攻撃グループBlackTechが使うマルウエアPLEADダウンローダ (2018-05-28)

前回の分析センターだより では攻撃グループBlackTech[1]が使用していると考えられるマルウエアTSCookie について紹介しました。この攻撃グループはその他にもPLEADと呼ばれるマルウエアを使用することが分かっています。(PLEADは複数のマルウエア種別名(TSCookieを含む)とそのマルウエアを使用した攻撃キャンペーン名として使用されています[2]。ここではPLEADをTSCookieとは異なるマルウエア種別名として使用します。)PLEADにはRATタイプと、ダウンローダタイプ(以降、PLEADダウンローダと記載する)が存在します。RATタイプは複数のコマンドを持ち、命令を受信することによって動作します。(詳しくは、LAC社が公開しているブログ[3]の「攻撃手口3」をご覧ください。)PLEADダウンローダは、TSCookieと同じくモジュールをダウンロードし、メモリ上で実行します。(上記ブログ内の「攻撃手口2」に該当します。

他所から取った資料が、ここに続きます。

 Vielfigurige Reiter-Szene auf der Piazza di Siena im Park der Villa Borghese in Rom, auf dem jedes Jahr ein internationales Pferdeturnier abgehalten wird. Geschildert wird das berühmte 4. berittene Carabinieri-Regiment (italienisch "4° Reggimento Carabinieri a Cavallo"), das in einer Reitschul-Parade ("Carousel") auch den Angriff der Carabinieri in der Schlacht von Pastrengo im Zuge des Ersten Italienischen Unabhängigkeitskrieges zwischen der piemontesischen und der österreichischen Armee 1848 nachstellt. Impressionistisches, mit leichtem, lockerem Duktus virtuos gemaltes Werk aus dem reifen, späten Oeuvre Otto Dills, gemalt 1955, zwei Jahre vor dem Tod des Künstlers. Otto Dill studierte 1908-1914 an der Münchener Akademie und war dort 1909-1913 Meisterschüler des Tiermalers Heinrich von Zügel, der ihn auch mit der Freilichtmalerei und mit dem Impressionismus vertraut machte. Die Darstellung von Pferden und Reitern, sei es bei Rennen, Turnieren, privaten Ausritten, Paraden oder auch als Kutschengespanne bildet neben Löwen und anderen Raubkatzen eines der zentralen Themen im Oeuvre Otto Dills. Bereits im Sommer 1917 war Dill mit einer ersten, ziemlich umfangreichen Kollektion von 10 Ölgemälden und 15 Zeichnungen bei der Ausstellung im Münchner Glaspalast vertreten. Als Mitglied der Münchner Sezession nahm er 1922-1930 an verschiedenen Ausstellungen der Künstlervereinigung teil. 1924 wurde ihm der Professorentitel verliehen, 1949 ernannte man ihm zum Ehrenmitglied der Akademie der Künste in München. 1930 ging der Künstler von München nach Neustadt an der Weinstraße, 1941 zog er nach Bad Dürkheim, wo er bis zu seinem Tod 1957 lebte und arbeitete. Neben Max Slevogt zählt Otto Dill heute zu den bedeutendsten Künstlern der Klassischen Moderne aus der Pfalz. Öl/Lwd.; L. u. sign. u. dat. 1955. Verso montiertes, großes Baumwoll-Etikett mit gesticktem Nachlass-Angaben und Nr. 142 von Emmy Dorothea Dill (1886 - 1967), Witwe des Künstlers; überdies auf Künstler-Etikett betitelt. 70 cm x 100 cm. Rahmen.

)
今回は、PLEADダウンローダの詳細について紹介します。

PLEADダウンローダの挙動
前述した通りPLEADダウンローダは、特定のサイトから「モジュール」をダウンロードします。ダウンロードするモジュールはRC4で暗号化されています。図1は、実際にサーバから暗号化されたファイルをダウンロードした例です。

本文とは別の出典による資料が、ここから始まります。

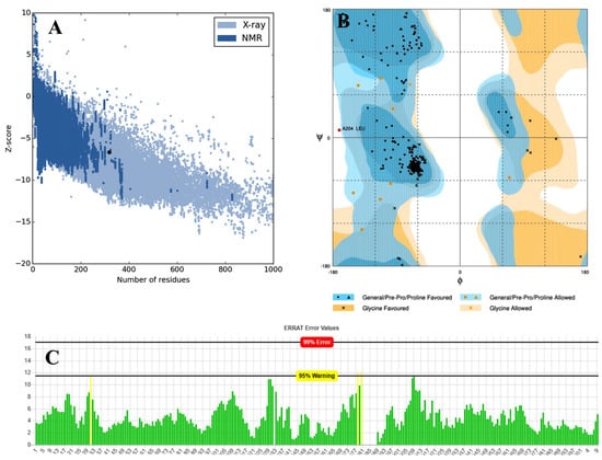 - Wiederstein, M.; Sippl, M.J. ProSA-web: Interactive web service for the recognition of errors in three-dimensional structures of proteins. Nucleic Acids Res. 2007, 35, W407–W410. [Google Scholar] [CrossRef] [PubMed]

図 1:PLEADダウンローダのファイルダウンロードの例

ダウンロードしたファイルは先頭の20hがRC4のキーになっています。ダウンロードしたファイルを復号すると、モジュール(以降では、PLEADモジュールと記載します)や通信先、通信に使用する暗号化のキーなどが含まれています。図2はダウンロードしたファイルを復号した例です。

図 2:ダウンロードしたファイルの復号例

PLEADダウンローダは復号したデータに含まれるPLEADモジュールをメモリ上に展開し、実行します。このPLEADモジュールはファイルとして保存されることはなく、メモリ上にのみ存在します。以降では、このPLEADモジュールの詳細について記載します。

PLEAD モジュールの挙動の詳細
PLEADモジュールはC2サーバから命令を受信することによって動作します。C2サーバとの通信データは、RC4で暗号化されてさらにLZOで圧縮されています。暗号化に使用するRC4のキーは、自身が作成したものとC2サーバから送信されたものを組み合わせて使用します。図3はPLEADモジュールの通信の流れを示しています。

図 3:PLEADモジュールの通信の流れ

初めにPLEADモジュールは通信に使用するRC4キーをC2サーバと共有します。以下は、初めに送信するHTTP GETリクエストの例です。Cookieヘッダーに暗号化されたRC4キーが含まれています。なお、Cookieヘッダーで送信されるデータは”D”と”E”を逆転させています。送信するデータのフォーマットについては、Appendix A表A-1、A-2をご覧ください。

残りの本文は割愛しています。